# Exercise:
Keep the images out while you set down the data exactly.

# Data provided:
▶

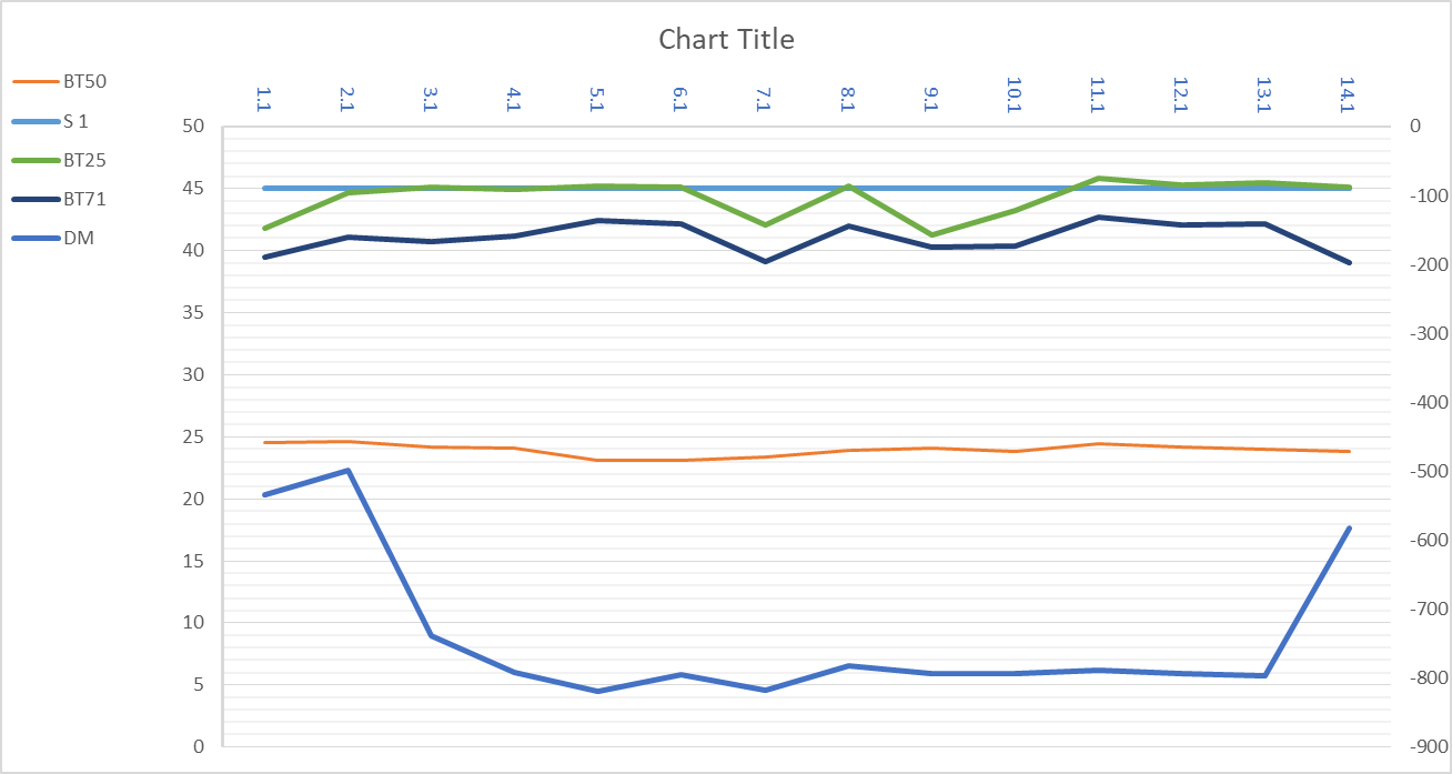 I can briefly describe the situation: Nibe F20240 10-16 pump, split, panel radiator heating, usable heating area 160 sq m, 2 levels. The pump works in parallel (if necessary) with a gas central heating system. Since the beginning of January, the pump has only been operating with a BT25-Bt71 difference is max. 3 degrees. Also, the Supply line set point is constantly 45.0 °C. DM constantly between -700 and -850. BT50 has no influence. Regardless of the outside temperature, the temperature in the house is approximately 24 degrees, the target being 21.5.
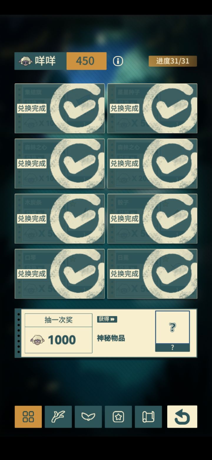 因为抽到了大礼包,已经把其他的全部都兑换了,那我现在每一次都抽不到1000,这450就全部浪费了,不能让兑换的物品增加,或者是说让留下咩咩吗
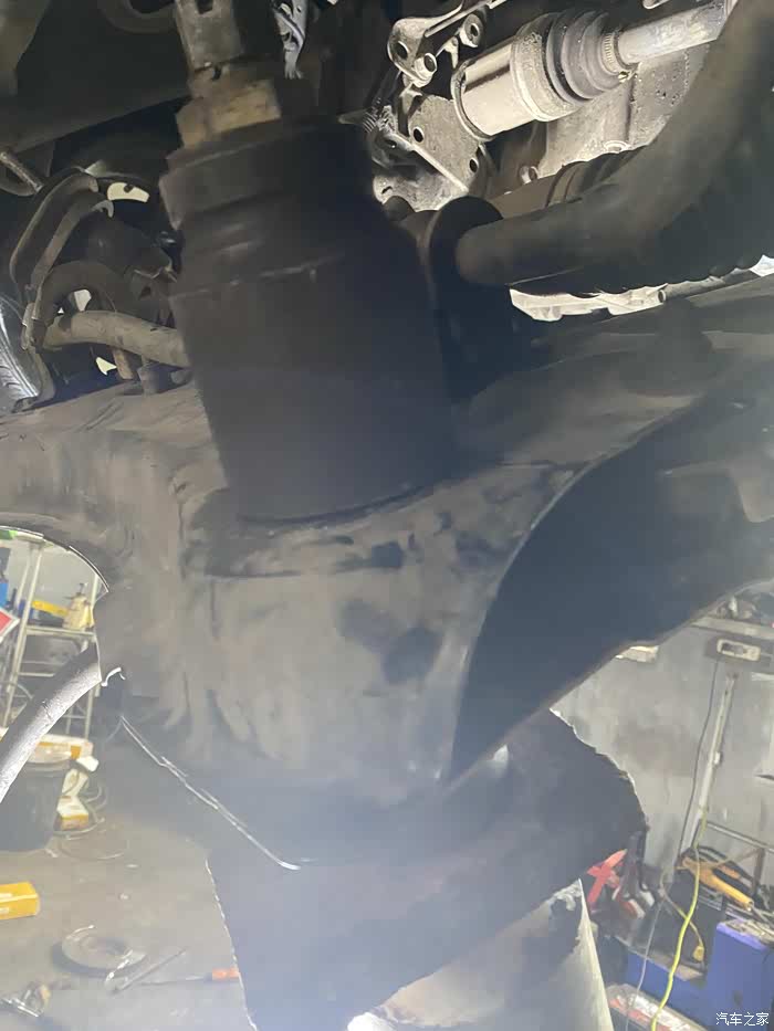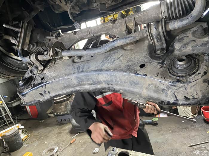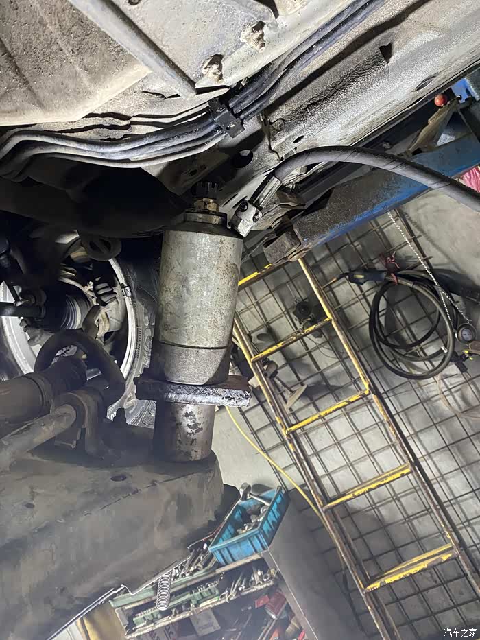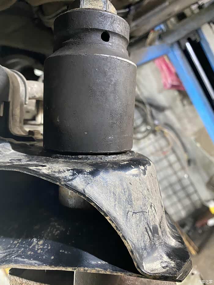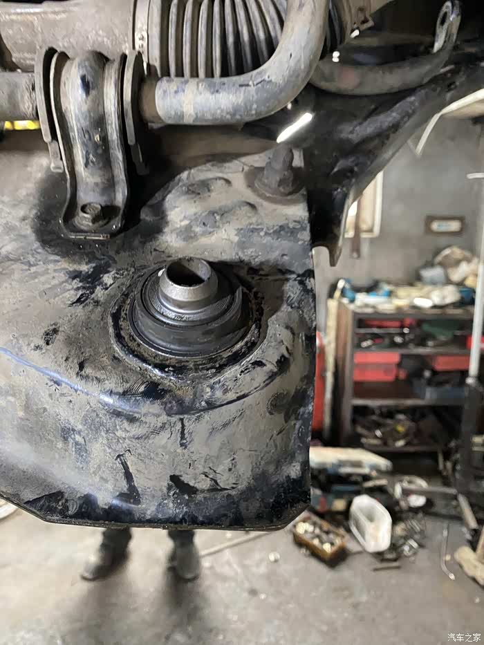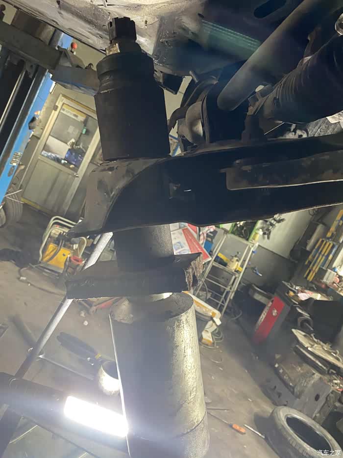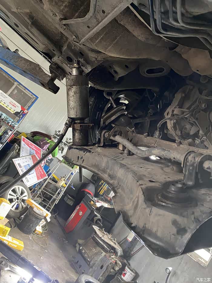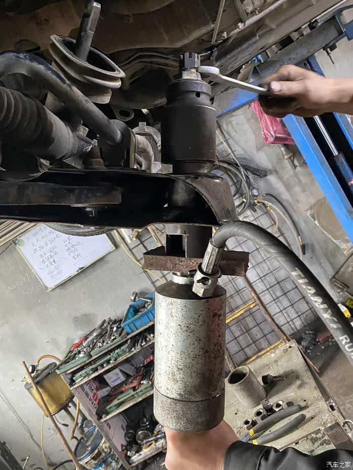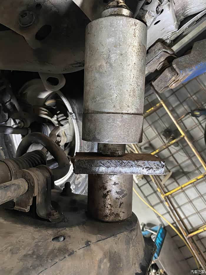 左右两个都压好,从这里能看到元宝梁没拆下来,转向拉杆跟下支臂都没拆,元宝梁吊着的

◀

# Task result:
 I can briefly describe the situation: Nibe F20240 10-16 pump, split, panel radiator heating, usable heating area 160 sq m, 2 levels. The pump works in parallel (if necessary) with a gas central heating system. Since the beginning of January, the pump has only been operating with a BT25-Bt71 difference is max. 3 degrees. Also, the Supply line set point is constantly 45.0 °C. DM constantly between -700 and -850. BT50 has no influence. Regardless of the outside temperature, the temperature in the house is approximately 24 degrees, the target being 21.5.
 因为抽到了大礼包,已经把其他的全部都兑换了,那我现在每一次都抽不到1000,这450就全部浪费了,不能让兑换的物品增加,或者是说让留下咩咩吗
 左右两个都压好,从这里能看到元宝梁没拆下来,转向拉杆跟下支臂都没拆,元宝梁吊着的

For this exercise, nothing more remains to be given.